Le projet Artl@s vise à former les jeunes chercheurs aux problématiques de l’histoire mondiale de l’art, dans une perspective transnationale et circulatoire. Il forme également aux humanités numériques (bases de données, webdesign et interaction numérique, analyse géographique et statistique). Le séminaire est conçu comme un atelier où l’on peut se former aussi bien à des approches quantitative ou cartographique, qu’à l’étude des circulations artistiques et des transferts culturels impliqués par ces circulations. Nous incitons aussi les jeunes chercheurs à mettre en relation ces approches « distantes » avec une interprétation très précise des œuvres.

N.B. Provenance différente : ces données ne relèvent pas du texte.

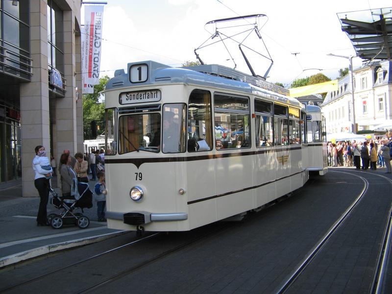 Historischer Triebwagen 79 mit Beiwagen beim Straßenbahnfest am 12.09.2004 an der Haltestelle Tunnel.
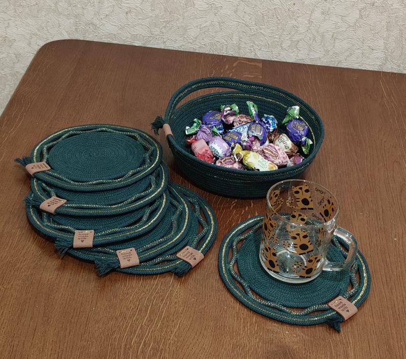 Набор подставок под чашки ( 6 шт) + корзина для сладостей, вышитые люрексными нитями. Изготовлено из хлопкового шнура 5 мм. Подставки защищают Ваш стол от царапин и воздействия горячих температур.
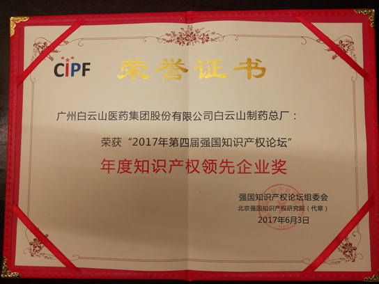 2017年6月3日,“2017第四届强国知识产权论坛”在北京盛大召开,白云山总厂获得“年度知识产权领先企业”荣誉称号。总厂法务总监许淑文代表企业参会并领奖。

Artl@s fournit aux chercheurs un accès à Artl@s Database, une base de données qui regroupe des catalogues de salons et d’expositions d’art moderne depuis la fin du 19e siècle, ainsi qu’à une interface de travail cartographique et quantitatif liée à Artl@s Database. Les séminaires s’inscrivent dans une activité plus générale de colloques internationaux et de publications, notamment via la revue Artl@s Bulletin (revue multilingue à comité de lecture).

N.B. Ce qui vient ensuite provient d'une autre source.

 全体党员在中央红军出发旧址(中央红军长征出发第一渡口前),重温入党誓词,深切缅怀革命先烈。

S1 et S2 (insécable), 6 ECTS Code GPS : ARTS-MM-HAJP3-A

ARTL@S est un projet d’histoire transnationale des arts, qui met à disposition des chercheurs une base numérique de catalogues d’expositions partout dans le monde aux XIXe et XXe siècles. Nous formons les étudiants aux approches géographiques, quantitatives et transnationales, et aux problématiques diverses de l’histoire mondiale. Après quatre années focalisées sur les circulations artistiques transnationales et leur traçabilité (2012-2013 sur les « Périphéries », 2013-2014 sur l’Amérique latine, 2014-2015 sur l’Afrique et 2016-2016 sur les pays arabes), le groupe entame une étude des circulations mondiales dans le cadre des biennales. Les biennales sont étudiées le plus souvent de manière monographique, alors qu’elles constituent un point de vue exceptionnel sur la mondialisation artistique sur plus d’un siècle. Depuis les années 1890, les biennales ont en effet donné le pouls régulier de la scène internationale de l’art, des arts plastiques à la musique et la performance, comme de sa géopolitique – c’est souvent pour sortir d’une situation « périphérique » que des biennales (voire des Triennales et des Quadriennales) furent fondées, de Venise (1895) à São Paulo (1951), Tokyo (1952), Kassel (Documenta 1955), Alexandrie et Lubljana (1955) et même Paris en 1959, Varsovie (1966), Medellín (1968), jusqu’à Istambul (1987), Sharjah (1993) et Shanghai (1996). Tout en invitant des spécialistes qui nous aideront à mieux comprendre l’état actuel de la recherche sur les circulations au sein et entre biennales sur la longue durée, le groupe poursuivra une collecte systématique de catalogues de quelques « Biennales du Sud », Alexandrie (Egypte), Venise et São Paulo, commencée en 2015-2016. Paula Barreiro-Lopez, Pr. invitée du Labex TranferS, en mai juin 2017, et Ana Paula Simioni, Pr. à l’université de Sao Paulo, présente comme Postdoc au premier semestre 2016-2017, accompagneront nos travaux.